Enough of the mismanagement and irresponsibility of the past. It must be understood that the Fed will always serve their political masters rather than the American public. It is interesting that Mr. Mackintosh says in his article that the lag effect of the changes in the money supply is felt 18 months later (as with any cause and effect, that’s a soft number, which could be shorter or longer). Isn’t it interesting that 18 months from now, the Fed chairmanship comes up for appointment by the newly elected president? Chair Powell, even if he is not reappointed, can serve out his regular Fed appointment until 2028. The Fed has said interest rates will stay higher for longer than the markets expect. Does that mean they still intend to control interest rates in the future? It certainly may since central banks around the world operate by controlling interest rates and their policies are as coordinated as ever. If that’s the case, it’s likely (a) inflation will stay elevated as a means of eroding the national debt’s value to bond holders, and (b) along with inflation will be interest rate repression by the Fed. Taken together, these actions will further exacerbate income inequality. Owning economic assets will be a must to offset as much of the dollar destruction as possible.

Perhaps the Fed’s mantra of higher for longer is a signal that it’s returning to managing the money supply rather than managing interest rates. With the financial state the world is in, market-set interest rates will punish the irresponsible and reward the responsible. Since the federal government and others have been irresponsible in their financial affairs, a painful adjustment for the government could be in order. President George H. W. Bush’s 1991 agreement with the Democrats in Congress capped spending and raised taxes, which worked for the period the agreement was in place (the Clinton years). It could be done again if Congress and the president agreed and the Fed allowed the investment markets to set the cost of money, thus bringing some discipline to the undisciplined federal government. The Trump era tax cuts will expire at the end of 2025. If the Congress can put in place an appropriate spending cap so that the tax increases will go to budget deficits, there may be hope if the Fed has money supply discipline.

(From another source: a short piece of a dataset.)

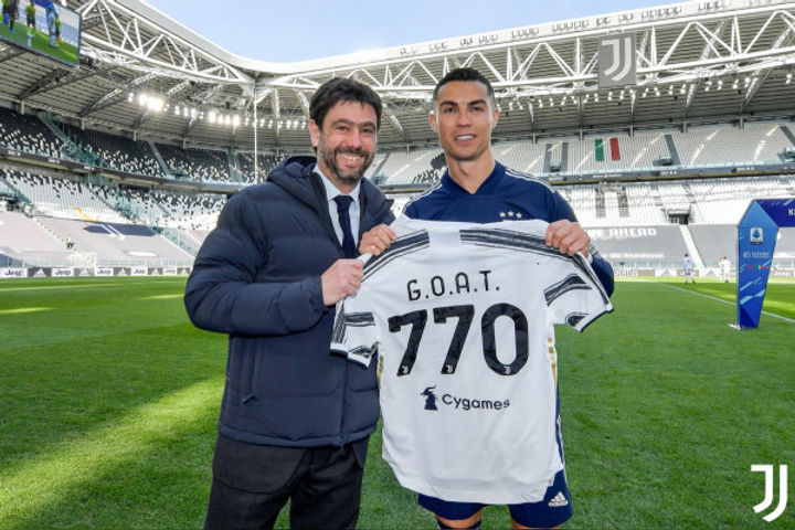 Cristiano Ronaldo was presented with a customized ‘G.O.A.T 770’ shirt by Juventus chairman Andrea Agnelli to celebrate his 770th career goal. The 36-year-old scored a hat-trick against Cagliari last week to surpass Pele's tally of 767 career goals. However, Ronaldo wasn't able to add to his tally on Sunday as Juve lost to Benevento 1-0.
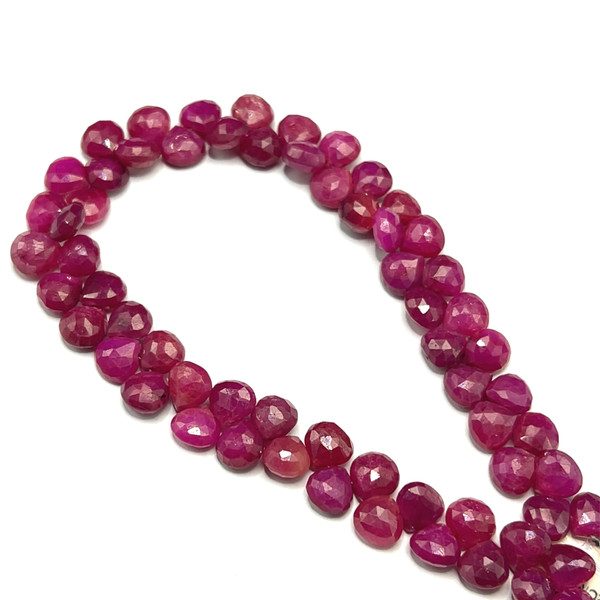 Natural African Ruby | 7mm Heart Briolette Faceted | 63 Pcs 135 Carats | Carmine Red | SI1 Clarity | 9.1 Inch Gemstone Beads for Jewelry Making

Experts and analysts vie with each other in the business media as they attempt to be the guru of the moment by predicting the financial future without knowing the future. They make investing complicated. Finances are not complicated and don’t require a guess about the future. Truths for accumulating wealth and keeping it are few and critical. First, the federal government will always systematically debase the currency, no matter what Fed officials and politicians say. Second, accumulating wealth and keeping it requires taking risks by owning economic assets that are priced to reflect what they are worth in the present, not what someone who can’t predict the future says they will be worth in the future. Third, it is necessary to always have liquidity so that when an opportunity presents itself, it can be added to the portfolio, compounding the total return.

The Fed knows management of the money supply will return the economy to a sustained and stable growth rate with controlled inflation. If nothing else, the inflation rate decline over the last year, a reflection of the significant reversal of the money supply, should point the way. We’ll see what happens.